As part of its efforts to strengthen its anti-bribery and corruption enforcement framework and comply with international obligations, the Australian government has introduced two new criminal offences relating to “false accounting” into the Commonwealth Criminal Code.

What’s new?

On 29 February 2016, Royal Assent was given to the Crimes Legislation Amendment (Proceeds of Crime and Other Measures) Act 2016. The Act, among other things, introduces two new offences relating to the “false dealing with accounting documents”.

The new offences are designed to implement Australia’s obligations as a party to the Organisation for Economic Cooperation and Development (OECD) Convention on Combating Bribery of Foreign Public Officials in International Business Transactions. Article 8 of that Convention requires its members to take measures to prohibit the establishment of off-the-books accounts, as well as the use of false documents, by companies for the purpose of bribing foreign public officials or hiding such bribery.

False dealing with accounting documents

It is now an offence for a person to:

  1. make, alter, destroy or conceal an accounting document, or
  2. fail to make or alter an accounting document that the person is under a duty to make or alter;

where the act or omission is done with the intention that the person’s conduct would facilitate, conceal or disguise the receiving or giving of a benefit that is not legitimately due, or a loss that is not legitimately incurred.

The legislation introduces a second offence, which is the exact same as the first except that it applies where a person is reckless as to whether the making, alteration, destruction or concealment of the document (or the failure to make or alter the document) facilitates, conceals or disguises the relevant benefit or loss.

The offences apply to “accounting documents”. These are given a broad definition and include:

  • any account, record or document made or required for any accounting purpose;
  • any register under the Corporations Act 2001 (Cth); and
  • any financial report or financial records within the meaning of that Act.

It is not necessary for the prosecution to prove that the defendant, or another person actually received or gave a benefit or that any loss was incurred. It is also not necessary to prove that the defendant intended that a particular person receive or give a benefit, or incur a loss.

These provisions are similar to those already contained in the US Foreign Corrupt Practices Act 1977. The books and records offences, as they are commonly known in the United States, have been a major source of prosecutions for the relevant civil and criminal regulators. The Australian false accounting provisions have the same potential and for that reason companies should ensure they have proper policies and procedures in place.


For individuals, the first offence of false dealing with accounting documents carries a penalty of 10 years’ imprisonment or a fine of $1.8 million (or both). Meanwhile, corporations found to be liable face a penalty, which is the greater of:

  • $18 million;
  • three times the value of the benefit obtained by the body corporate and any related body corporate from the offence; or
  • 10% of the annual turnover of the body corporate during the previous 12 months.

The penalties for the second offence, which has the lower requisite state of mind of recklessness, are half of these amounts.

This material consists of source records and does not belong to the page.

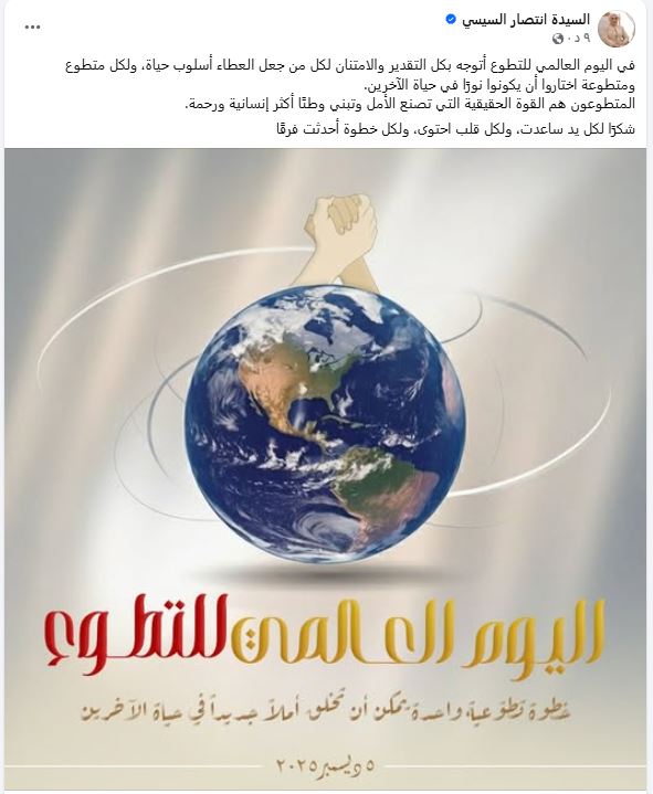 وقالت السيدة انتصار السيسي في تدوينتها إن المتطوعين هم «القوة الحقيقية التي تصنع الأمل وتبني وطنًا أكثر إنسانية ورحمة»، مضيفة أن كل متطوع ومتطوعة اختاروا أن يجعلوا العطاء أسلوب حياة، ويكونوا نورًا في حياة الآخرين، يستحقون كل الشكر والتقدير على جهودهم النبيلة.
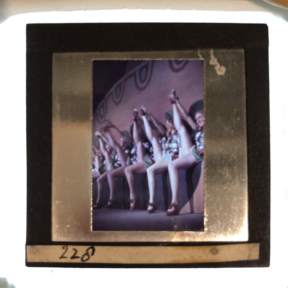 Revuegirls tonen hun benen zittend op een rij
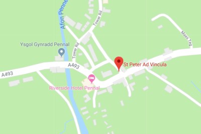 Location of St Peter ad Vincula in Pennal. Courtesy Google Maps.
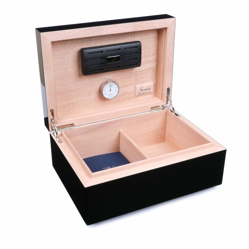 Новый хьюмидор премиум-класса на 50 сигар от итальянских мастеров фабрики Fabrizio Gentili SRL (производителя лучших хьюмидоров по сочетанию цена-качество в своем классе). Модель характеризуется строгим классическим дизайном, подходящим для большинства интерьеров, и безупречностью в исполнении. Корпус представляет собой комбинацию нескольких видов дерева, что обеспечивает стойкость к деформации при колебаниях температуры и влажности. Внутренняя отделка выполнена из испанского кедра. На верхней поверхности хьюмидора вручную выполнен рисунок с финишным покрытием 7-ю слоями рояльного лака. В комплекте увлажнитель с акриловым полимером, итальянский гигрометр, фирменный буклет Gentili с информацией о компании и мультиязычной инструкцией по уходу. Подарочная упаковка. Ручная работа, сделано в Италии. Официальный сайт производителя: https://www.gentili-italy.com
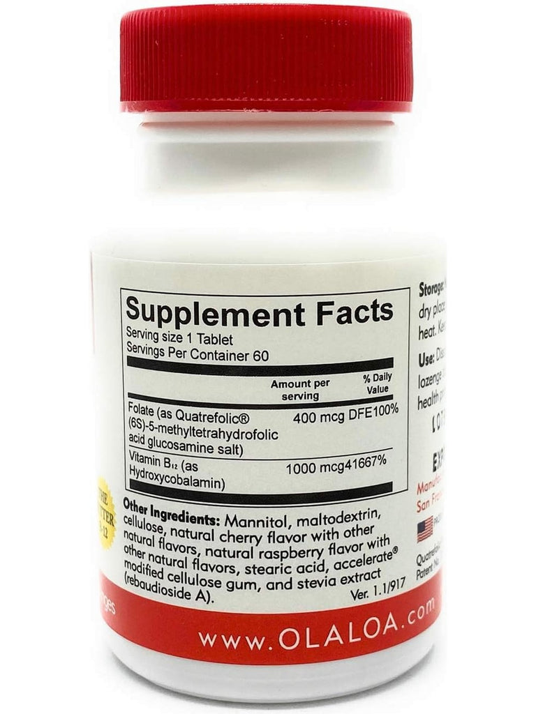 Ola Loa, Vegan B-12 Hydroxycobalamin with Folic Acid 1000mcg Sublingual Cherry, 60 Lozenges
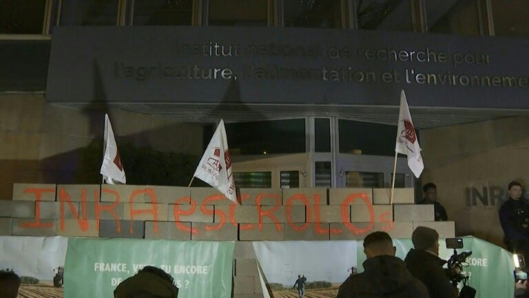 Plus d'une centaine d'agriculteurs ont érigé jeudi à l'aube un mur en parpaings pour bloquer symboliquement l'entrée de l'Inrae, l'Institut national de la recherche pour l'agriculture, l'alimentation et l'environnement, a constaté un journaliste de l'AFP.
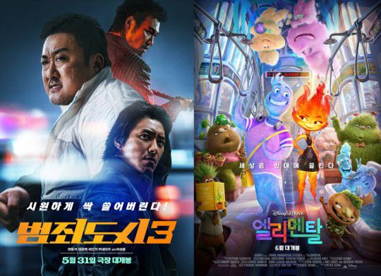 [이데일리 스타in 김보영 기자] ‘범죄도시3’가 개봉 4주차 주말을 앞두고 신작 공세에도 굳건히 박스오피스 1위를 지키고 있다. 이와 함께 디즈니 픽사 애니메이션 ‘엘리멘탈’이 관객들의 입소문에 힘입어 상승세를 기록, 개봉 이후 예매율 1위를 꿰차며 흥행 역주행의 조짐을 보이고 있다.
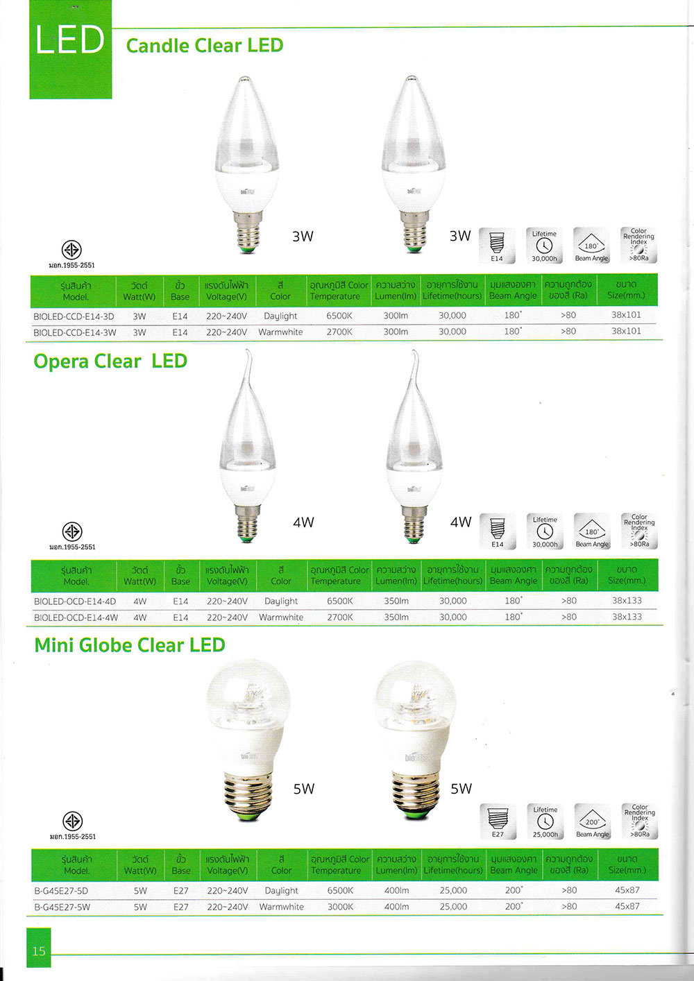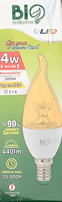 หลอดแอลอีดีรูปทรงเปลวเทียน ยี่ห้อไบโอบับ ขั้ว E14 แสงสีเหลือง
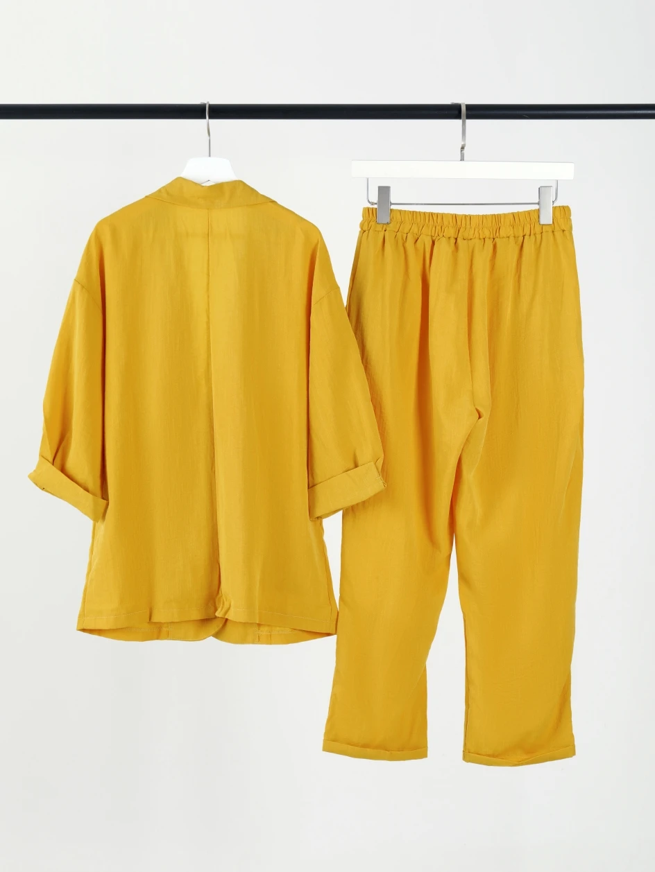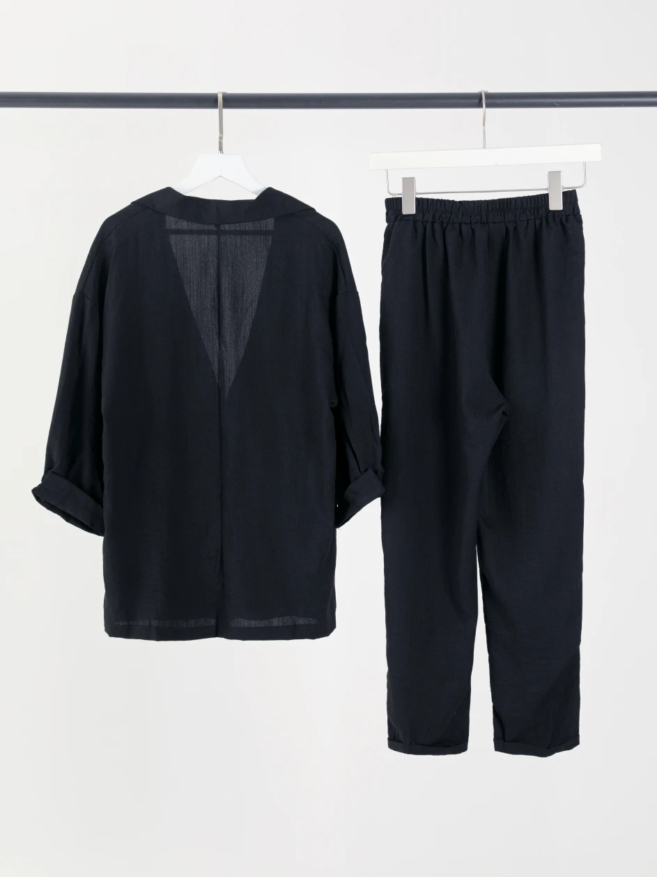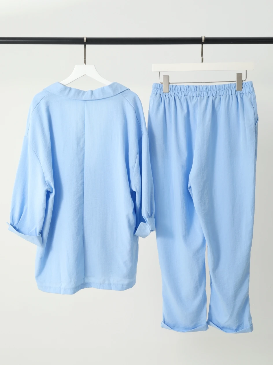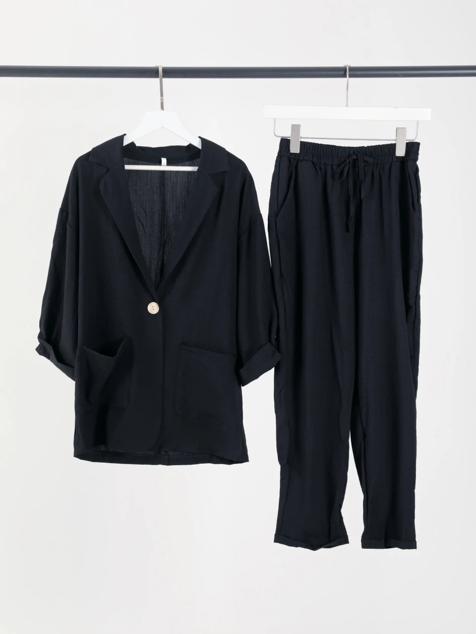 Summer Casual Cotton Linen Suit Top + Pants Two-piece Set Cotton Linen for Women
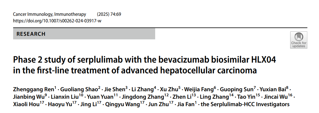 近日,z6尊龙时凯H药 汉斯状®(斯鲁利单抗)联合汉贝泰®(贝伐珠单抗,HLX04)在晚期肝细胞癌(HCC)患者中开展的II期临床研究(NCT03973112)最新数据发表于Cancer Immunology, Immunotherapy(IF 4.6)。研究结果显示,H药联合汉贝泰®在先前未经治疗的晚期肝细胞癌患者中具有可控的安全性,并展现出明显的抗肿瘤活性。
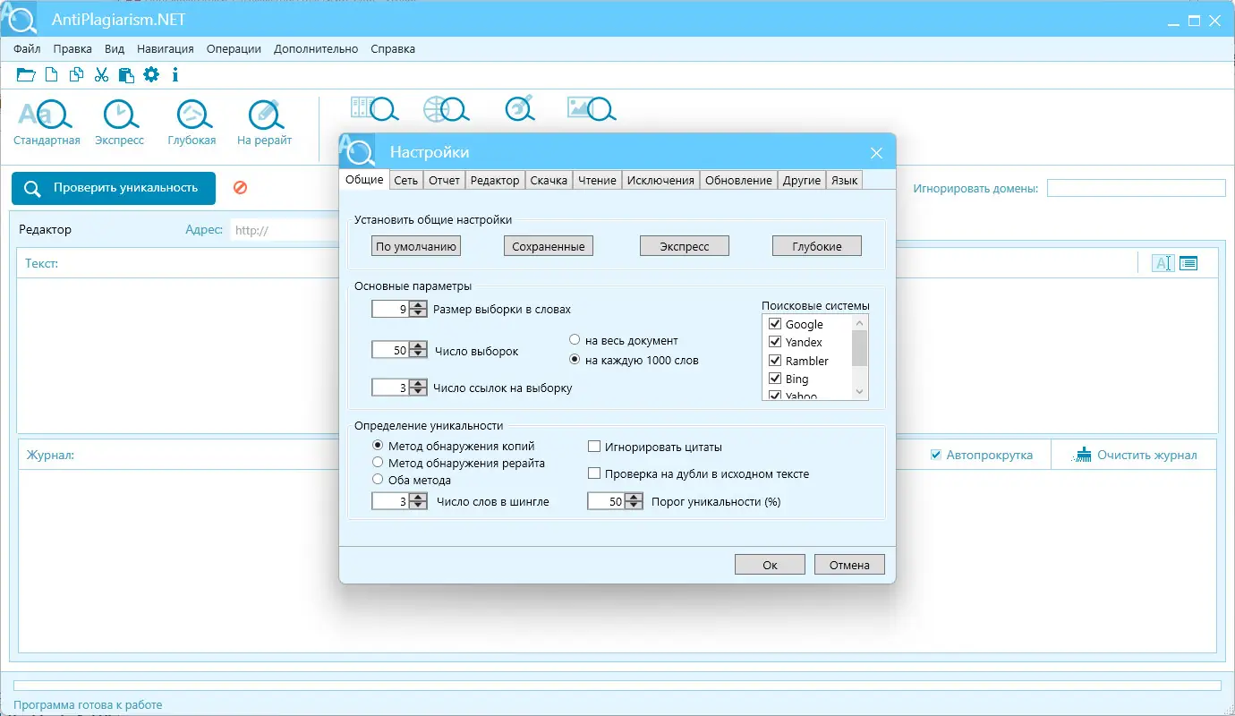 - Поддерживает настройку параметров поиска: длина шинглов, порог уникальности, размер выборки и другие критерии.
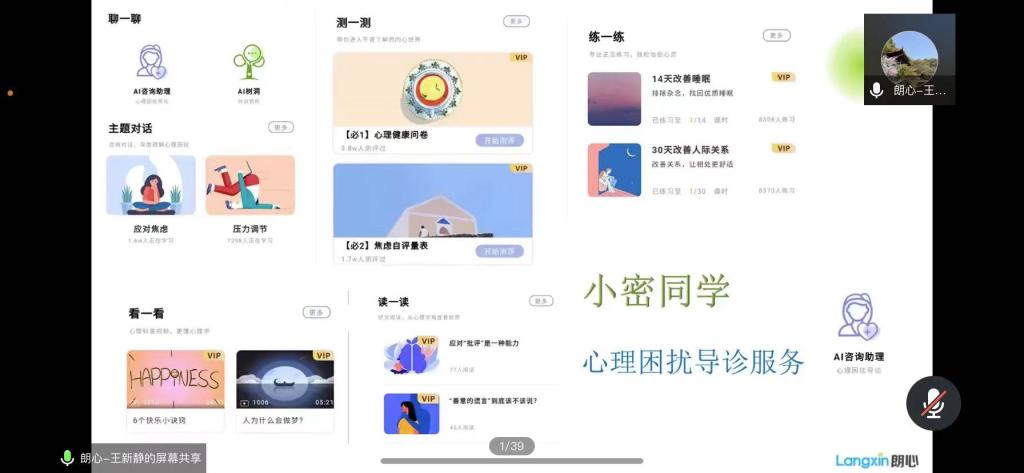 讲座中,王老师以疫情封控中同学们的真实生活片段作为背景,引发同学们的情感共鸣,之后以专业心理学原理的角度,详细讲解了密友AI心理自助小程序的设计初衷及使用方法,并为同学们答疑解惑,获得了同学们的一致好评与积极反馈。
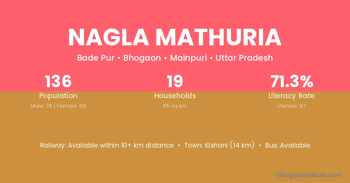 Kishani (14 km) is the nearest town to Nagla Mathuria village for major economic activities and is located approximately 14 km away.
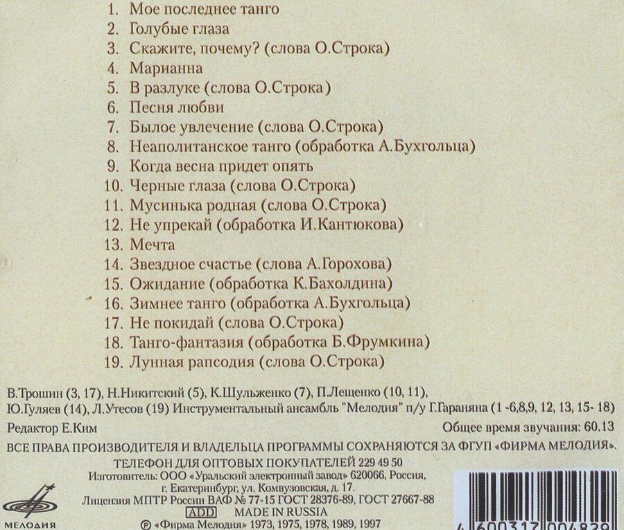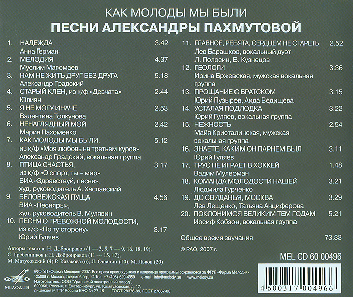 - Авторы: Вадим Байков (музыка и слова)
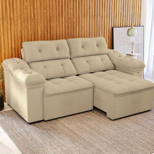 Para conforto e beleza em todos os momentos, aposte no Sofá Sierra 2,6m da Kappesberg. Robusto e confortável, ele é produzido em estrutura resistente, e seus diferenciais ficam por conta do sitema de rodízios e trilho de madeira, facilitando o manuseio. Além disso, com molas ensacadas, ele é retrátil e articulável em seis posições, proporcionando o ajuste conforme a sua preferência. Com espumas certificadas, os assentos, encostos e apoios de braço contam com enchimento em fibras e flocos de espumas, garantindo muito conforto. Medindo 1,33m de altura, 2,6m de largura e 1,32m de profundidade, o sofá é revestido em tecido Bouclé Bege, garantindo um toque suave e gostoso, suportando até 120kg por assento. Os destaques ficam para para os puxes, que garantem beleza e um acabamento único.
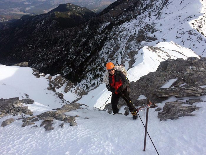 Τα μέλη της Ορειβατικής Ομάδας που επιχειρούν προσπαθούν να προσεγγίσουν τον βοσκό ώστε να τον οδηγήσουν σε ασφαλές περιβάλλον.

Corporations can be liable for acts of employees, agents and officers

Under the Commonwealth Criminal Code corporations can be liable for the acts of their employees, agents and officers where:

  • the board of directors or a high managerial agent carried out or engaged in the conduct, or authorised or permitted the offence;
  • there was a corporate culture that directed, encouraged, tolerated or led to non-compliance with the offence; or
  • the corporation failed to create and maintain a corporate culture that required compliance with the relevant provision.

It is, therefore, essential that companies focus on creating a corporate culture which makes clear that bribery, corruption and other unethical business practices will not be tolerated. A genuine top-down commitment to ethical practices combined with regular compliance training is essential for companies wishing to achieve this.

What do you need to do?

  • Review and, if necessary, update your current anti-bribery and corruption policies to reflect the changes.
  • Ensure your employees, agents and officers are aware of the new laws and their obligations.